Cattedra: Pubblica istruzione, più di qualcosa si muove, anche se non sembra

di Paolo M. di Stefano -

L’insegnamento della musica nelle scuole non mi pare sia una novità, e dunque non mi ha commosso particolarmente l’annunzio del Ministro. E neppure so quanto la musica faccia parte del suo bagaglio culturale e men che meno di “quale musica” si tratti.
L’argomento è comunque controverso, e con qualche probabilità un’eventuale risposta a quesiti quali “che tipo di musica insegnare”, “con quale livello di approfondimento”, “insegnare o meno nelle scuole a suonare uno strumento” , “limitarsi ad insegnare Storia della Musica”, “chi è deputato ad insegnare” (…) e via dicendo è troppo intrisa di opinioni personali e di alternative possibili per sperare in una visione oggettiva.
Anche perché, per esempio, almeno fino a qualche tempo fa media quali la radio e la televisione hanno inondato l’Italia di “musica leggera”, di “cantautori”, di “musica pop”, di “canzonette” (qualcuna anche di pregio), di “musica jazz” e di tutte le variazioni possibili, determinando un mercato della “musica riprodotta” soprattutto fatto di queste cose.
Che ovviamente hanno una propria dignità e in alcuni casi riescono ad attingere i vertici dell’arte, ma che, forse, non dovrebbero incarnare la moderna cultura musicale e avrebbero bisogno di qualcosa di più e di diverso dall’ascolto ripetuto in modo ossessivo.
Ad esempio, di basi di conoscenza legate alla “grande musica” ed alla “grande tradizione musicale” del nostro Paese e non solo.
Dunque, alla musica definita “classica”, ferma restando che la definizione è di puro comodo, tanto per intenderci. Forse, per quanto serve qui, si potrebbe parlare di “musica della tradizione storica”.
Il che (per inciso) potrebbe anche dare un’indicazione di massima sul metodo: partire dalla musica più antica per giungere per gradi fino alla musica contemporanea.

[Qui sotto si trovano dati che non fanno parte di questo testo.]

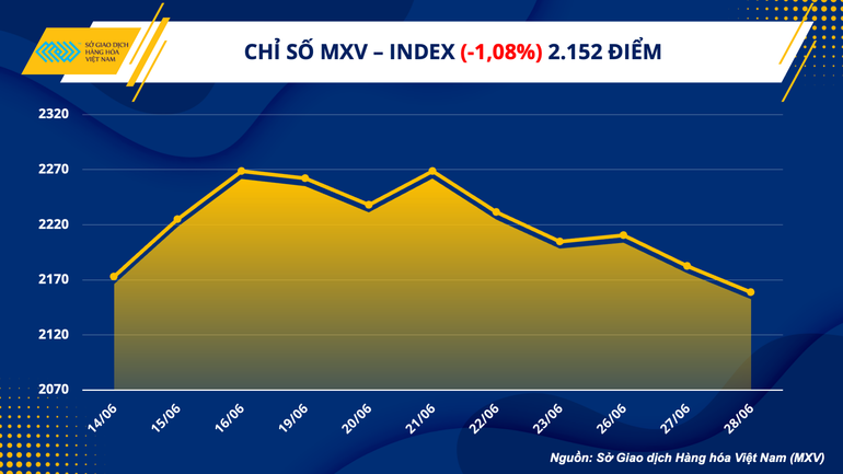 Trong 1 tuần giao dịch vừa qua, chỉ số hàng hóa này giảm đến 4 trên 5 phiên, phản ánh xu hướng suy yếu của giá hàng hóa nguyên liệu thế giới. Giá trị giao dịch toàn Sở đạt mức 4.900 tỷ đồng.

Se io avessi voce in capitolo suggerirei di prendere le mosse da due delle questioni alla ribalta in questi tempi: la crisi dei mercati e la creazione di posti di lavoro. Ad esse, aggiungerei che la musica è una forma d’arte, e che, dunque, forse varrebbe la pena di dare un’occhiata approfondita a quel “mercato dell’arte” che pure è di difficile definizione – perché di difficile definizione è l’arte in sé – ma che, comunque lo si consideri, è in crisi e, se funzionasse, procurerebbe numerose e varie prospettive di lavoro.

Le scuole servono anche a “fare i mercati”. Voglio dire che l’istruzione, la formazione, la cultura sono suscettibili di “generare” scambi anche economici e quindi di creare, vivificare, far crescere, mantenere e far morire i mercati. Tra questi, anche quelli relativi all’arte ed alla cultura.

Da più parti si sostiene che almeno da noi la crisi riguarda la maggior parte dei “prodotti culturali”. I teatri di prosa sono poco frequentati, almeno si dice; lo stesso accade per i locali nei quali si danno o si dovrebbero dare spettacoli di balletto, concerti, spettacoli d’opera, e via dicendo fino agli spettacoli cinematografici, alle mostre d’arte figurativa, ai Musei… Il tutto, con le ovvie connessioni con la crisi del mercato dei libri, con quella del mercato degli strumenti musicali, con quella del mercato della musica riprodotta (sembra, la musica classica in particolare). E con un indotto che, se non erro, per quanto riguarda le arti è particolarmente affollato e vario.
Qualcuno ha messo in evidenza come queste crisi siano innanzitutto “crisi di spettatori”, e poi anche crisi di autori, di compositori, di registi. E con questi, di datori di luci, di rammentatori, e via dicendo. Con le discussioni relative: la gente non va a teatro perché mancano autori ed opere degne di attenzione, oppure non vale la pena di scrivere e produrre dal momento che mancano i fruitori?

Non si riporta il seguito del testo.